Work task: Exact reproduction is required for the lines below starting at the line with "主に子どもが学習しています。" and ending at the line with "()/Furniture Decor/Home Decor/DIRECT", both included. No other lines, and no pictures.

Material for this task:
—————

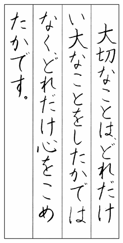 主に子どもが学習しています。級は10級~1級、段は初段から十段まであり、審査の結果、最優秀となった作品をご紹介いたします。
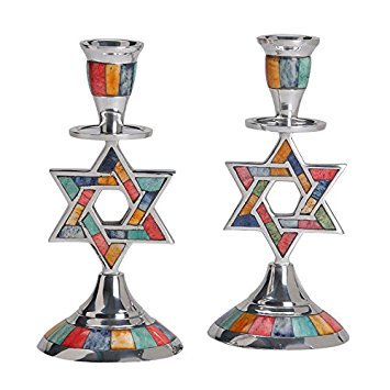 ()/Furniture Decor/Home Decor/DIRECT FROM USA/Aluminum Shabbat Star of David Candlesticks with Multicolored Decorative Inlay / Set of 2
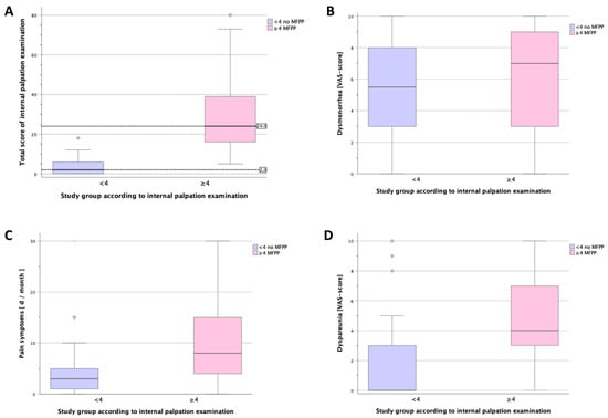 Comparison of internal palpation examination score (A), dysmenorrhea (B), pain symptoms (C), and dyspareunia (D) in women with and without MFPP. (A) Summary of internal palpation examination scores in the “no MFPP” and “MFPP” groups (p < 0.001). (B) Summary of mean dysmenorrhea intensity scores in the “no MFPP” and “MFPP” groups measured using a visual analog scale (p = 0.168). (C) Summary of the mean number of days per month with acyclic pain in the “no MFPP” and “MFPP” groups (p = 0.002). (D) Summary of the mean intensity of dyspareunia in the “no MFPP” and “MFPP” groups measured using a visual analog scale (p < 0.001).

—————

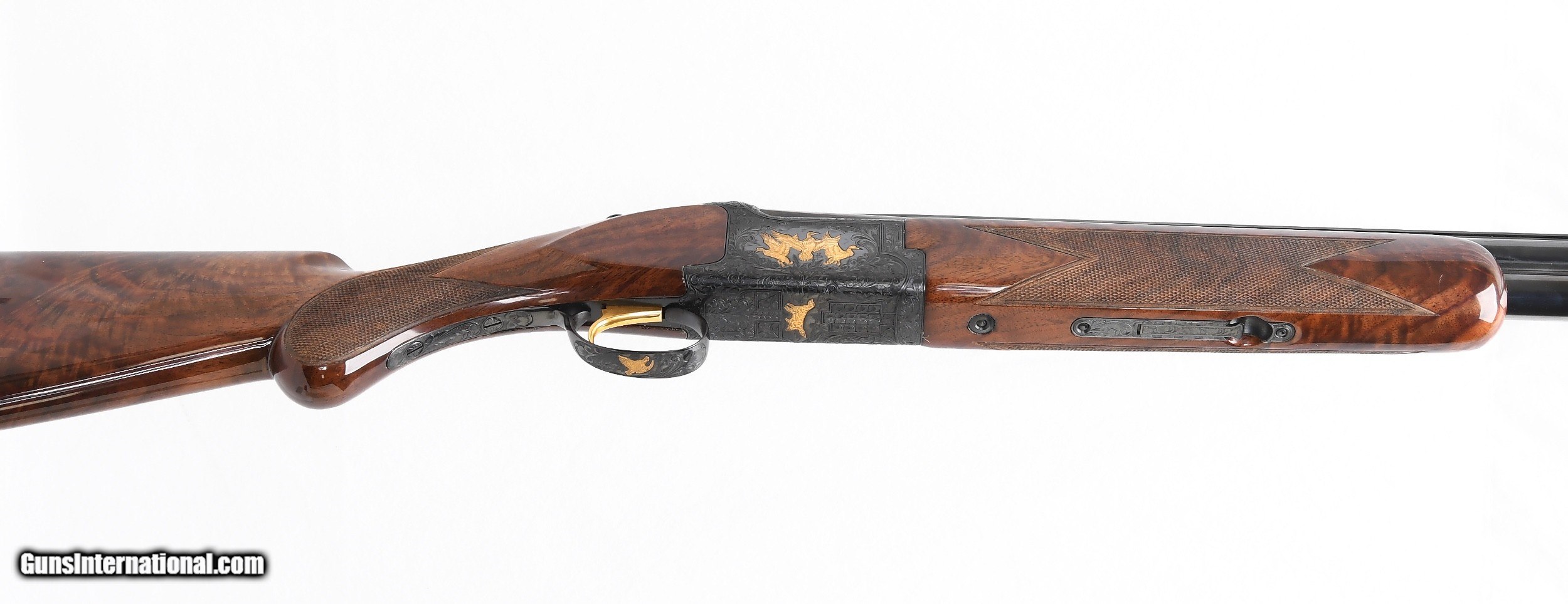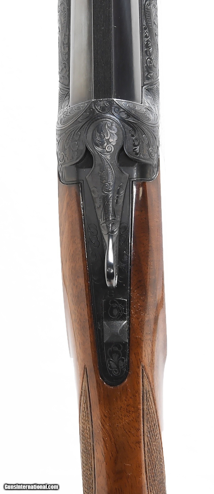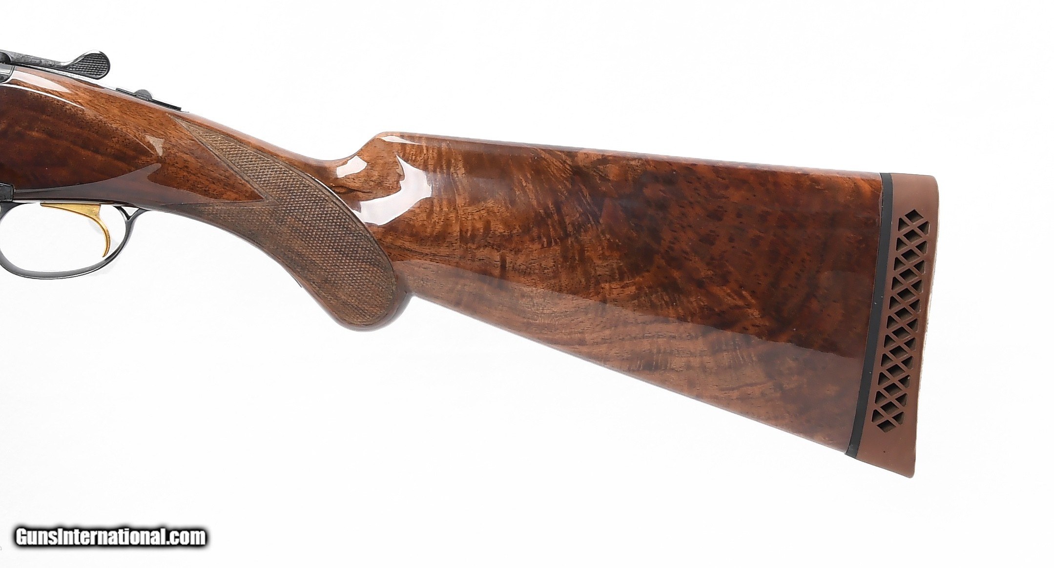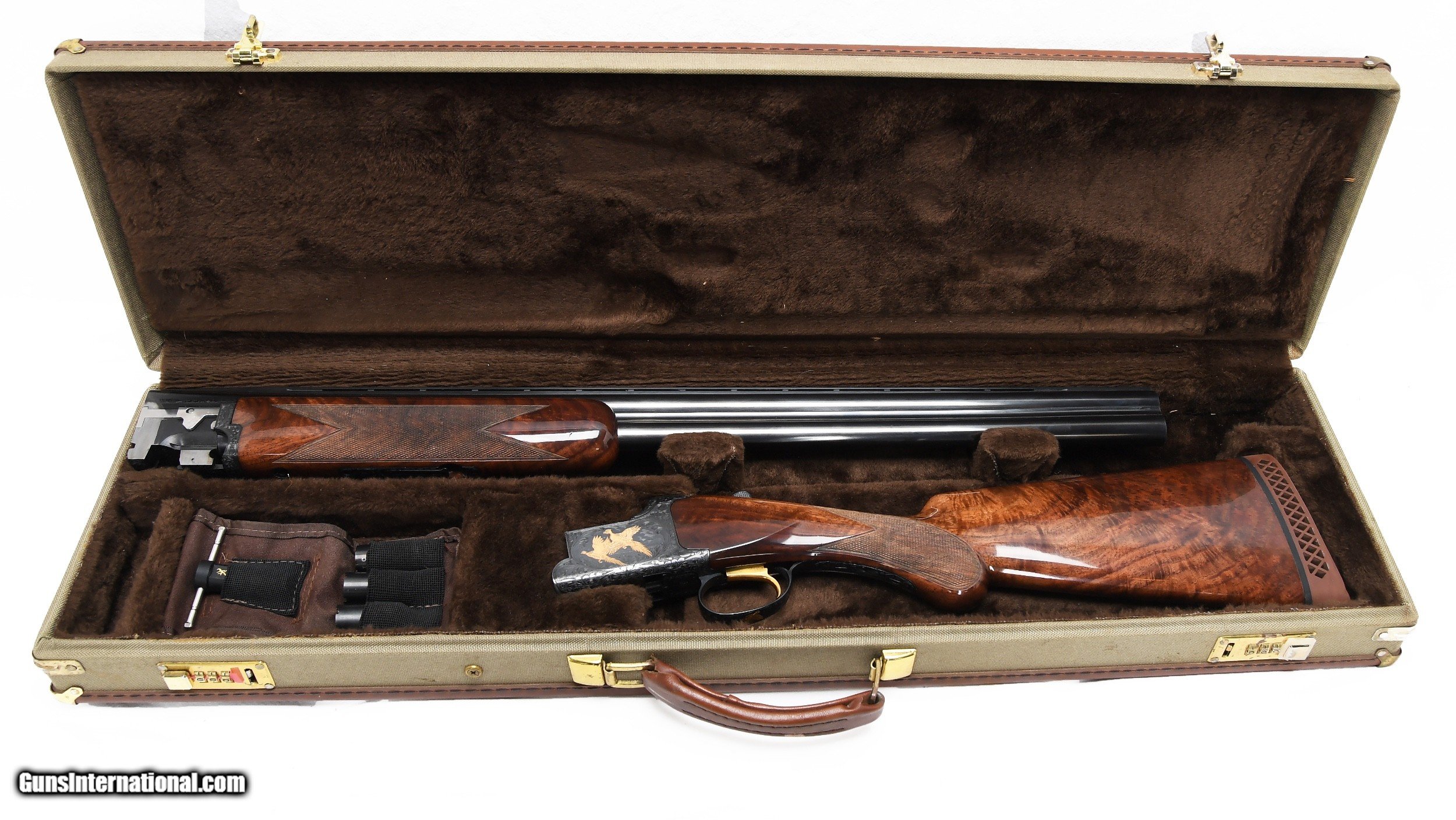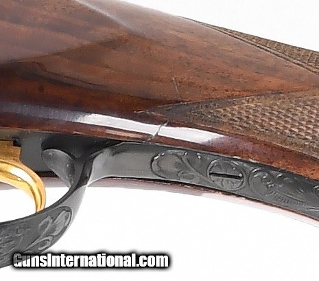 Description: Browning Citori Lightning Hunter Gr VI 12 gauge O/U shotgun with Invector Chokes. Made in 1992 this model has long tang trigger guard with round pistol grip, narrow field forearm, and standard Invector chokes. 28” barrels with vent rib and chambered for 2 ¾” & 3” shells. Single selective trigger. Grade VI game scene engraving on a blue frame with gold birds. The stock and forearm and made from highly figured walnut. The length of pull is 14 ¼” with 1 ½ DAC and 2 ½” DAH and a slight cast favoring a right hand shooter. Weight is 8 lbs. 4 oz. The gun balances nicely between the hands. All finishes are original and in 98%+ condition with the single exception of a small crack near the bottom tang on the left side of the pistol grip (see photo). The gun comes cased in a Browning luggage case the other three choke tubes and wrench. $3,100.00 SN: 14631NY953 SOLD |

—————

Task result:
 主に子どもが学習しています。級は10級~1級、段は初段から十段まであり、審査の結果、最優秀となった作品をご紹介いたします。
 ()/Furniture Decor/Home Decor/DIRECT FROM USA/Aluminum Shabbat Star of David Candlesticks with Multicolored Decorative Inlay / Set of 2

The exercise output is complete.